TASK INPUT: Begin

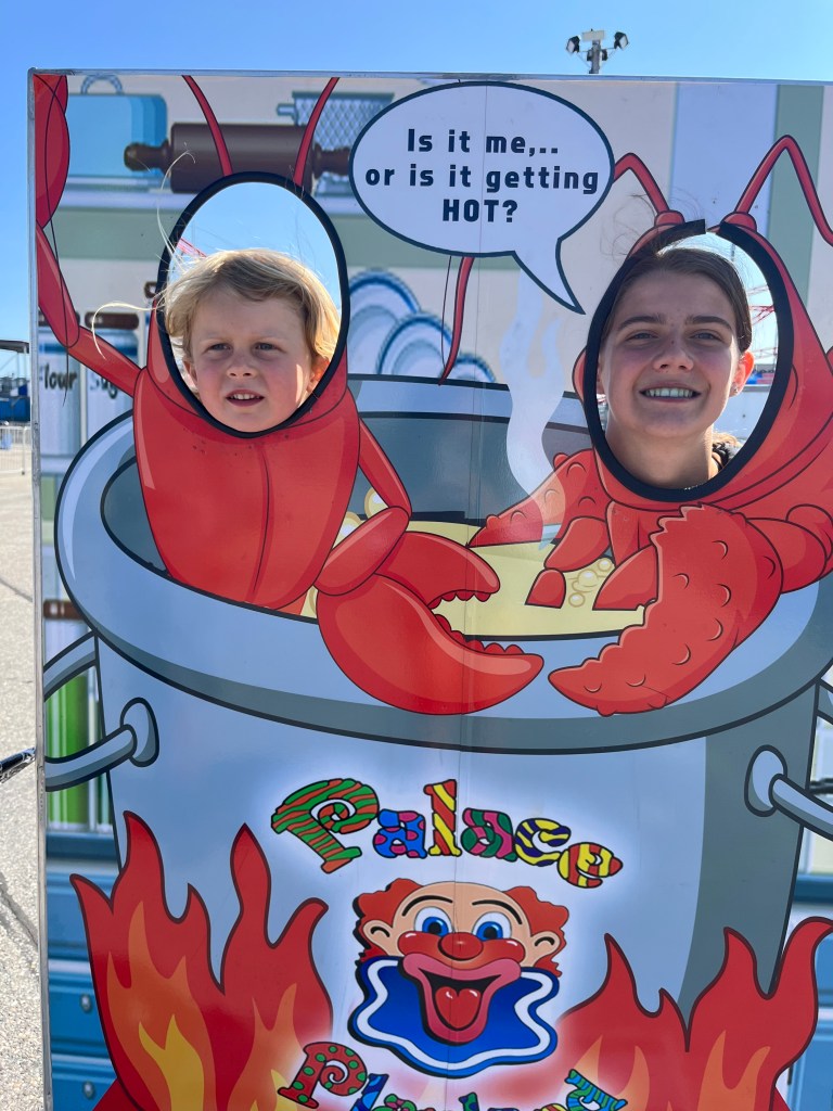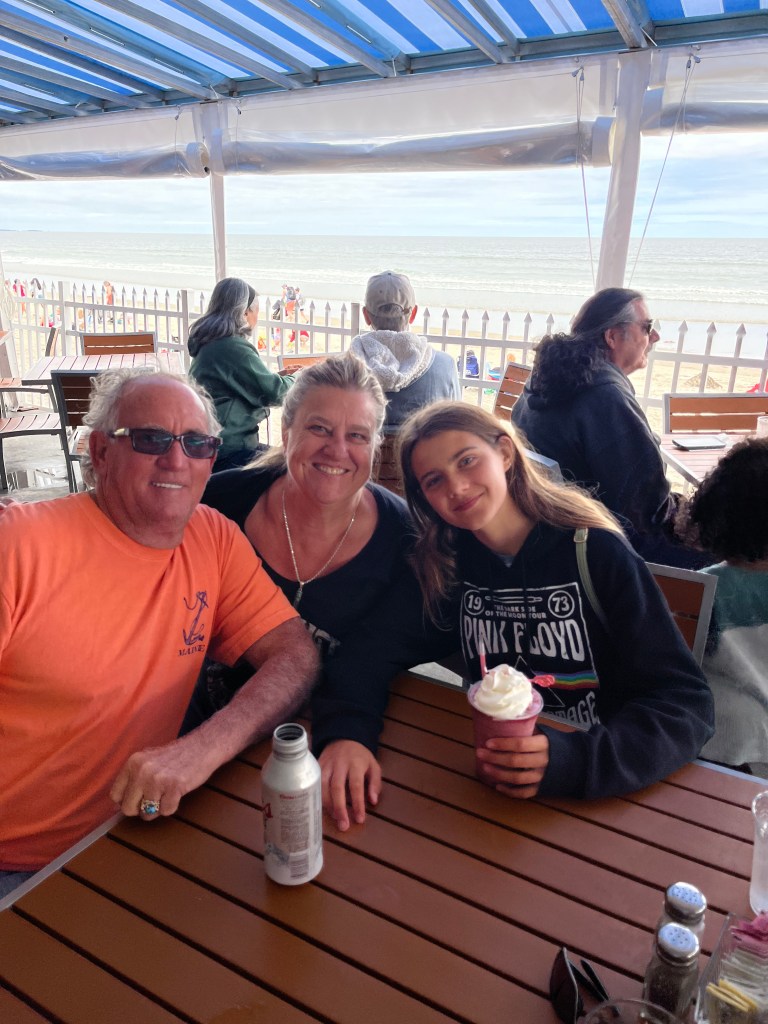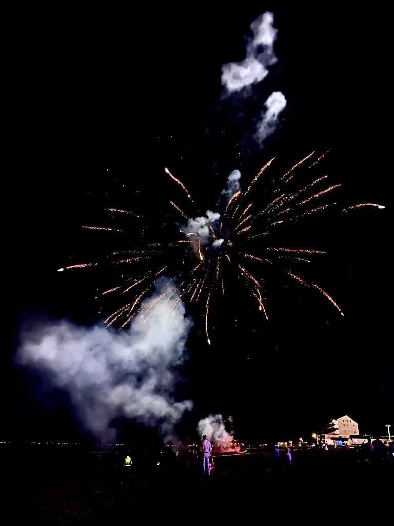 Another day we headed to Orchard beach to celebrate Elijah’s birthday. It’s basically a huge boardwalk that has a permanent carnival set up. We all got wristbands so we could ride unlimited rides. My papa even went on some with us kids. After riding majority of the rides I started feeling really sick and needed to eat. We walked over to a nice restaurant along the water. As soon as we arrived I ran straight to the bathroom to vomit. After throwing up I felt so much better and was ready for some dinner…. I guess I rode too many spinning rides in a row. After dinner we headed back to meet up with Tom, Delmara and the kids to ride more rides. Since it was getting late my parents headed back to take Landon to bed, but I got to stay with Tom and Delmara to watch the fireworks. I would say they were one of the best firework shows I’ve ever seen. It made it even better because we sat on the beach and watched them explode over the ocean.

TASK INPUT: End
TASK INPUT: Begin

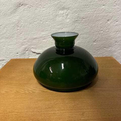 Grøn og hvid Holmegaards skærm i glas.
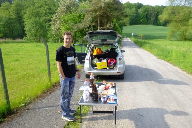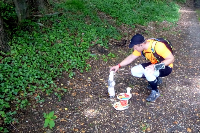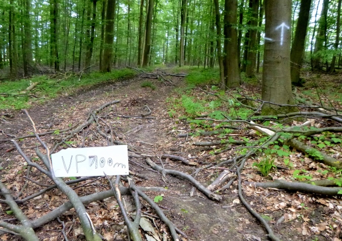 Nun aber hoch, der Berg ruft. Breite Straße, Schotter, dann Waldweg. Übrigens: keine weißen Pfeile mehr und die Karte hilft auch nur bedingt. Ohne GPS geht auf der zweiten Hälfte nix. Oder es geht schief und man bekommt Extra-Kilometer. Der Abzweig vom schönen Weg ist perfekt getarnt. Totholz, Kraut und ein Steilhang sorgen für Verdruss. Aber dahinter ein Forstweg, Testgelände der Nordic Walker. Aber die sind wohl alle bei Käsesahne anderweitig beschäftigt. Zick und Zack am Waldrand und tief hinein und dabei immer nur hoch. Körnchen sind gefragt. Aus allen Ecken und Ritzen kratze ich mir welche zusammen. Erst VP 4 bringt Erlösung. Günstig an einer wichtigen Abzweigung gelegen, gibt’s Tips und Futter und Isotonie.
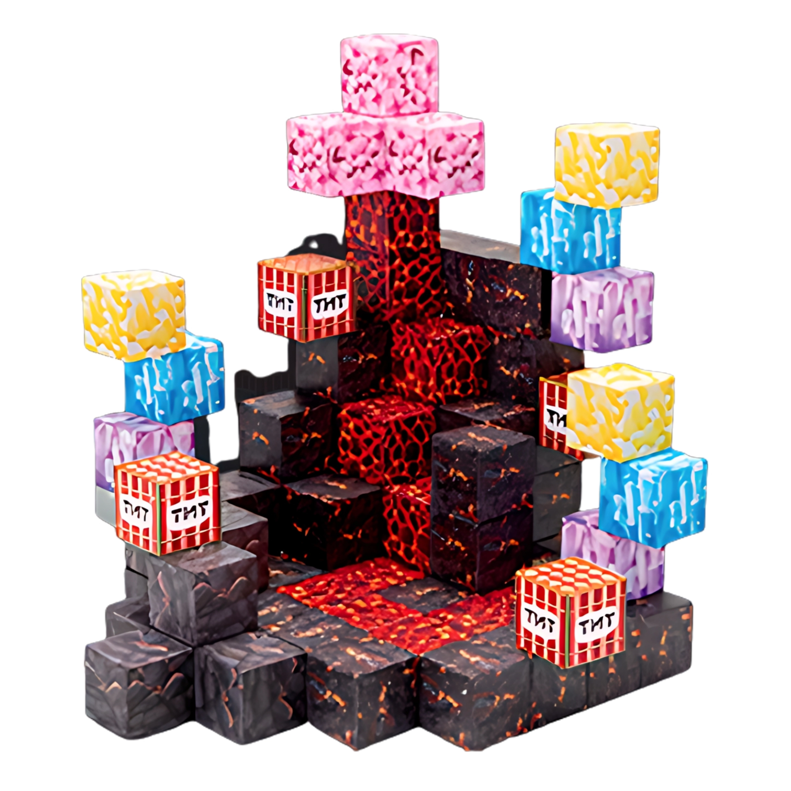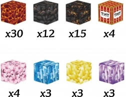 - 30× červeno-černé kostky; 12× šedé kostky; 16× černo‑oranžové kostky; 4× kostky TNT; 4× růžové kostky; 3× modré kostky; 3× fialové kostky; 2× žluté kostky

TASK INPUT: End

Reproduce the data above exactly, but only from the line containing "Grøn og hvid Holmegaards skærm i glas." through the line containing "- 30× červeno-černé"; skip the pictures.

COMPLETED TASK
 Grøn og hvid Holmegaards skærm i glas.
 Nun aber hoch, der Berg ruft. Breite Straße, Schotter, dann Waldweg. Übrigens: keine weißen Pfeile mehr und die Karte hilft auch nur bedingt. Ohne GPS geht auf der zweiten Hälfte nix. Oder es geht schief und man bekommt Extra-Kilometer. Der Abzweig vom schönen Weg ist perfekt getarnt. Totholz, Kraut und ein Steilhang sorgen für Verdruss. Aber dahinter ein Forstweg, Testgelände der Nordic Walker. Aber die sind wohl alle bei Käsesahne anderweitig beschäftigt. Zick und Zack am Waldrand und tief hinein und dabei immer nur hoch. Körnchen sind gefragt. Aus allen Ecken und Ritzen kratze ich mir welche zusammen. Erst VP 4 bringt Erlösung. Günstig an einer wichtigen Abzweigung gelegen, gibt’s Tips und Futter und Isotonie.
 - 30× červeno-černé kostky; 12× šedé kostky; 16× černo‑oranžové kostky; 4× kostky TNT; 4× růžové kostky; 3× modré kostky; 3× fialové kostky; 2× žluté kostky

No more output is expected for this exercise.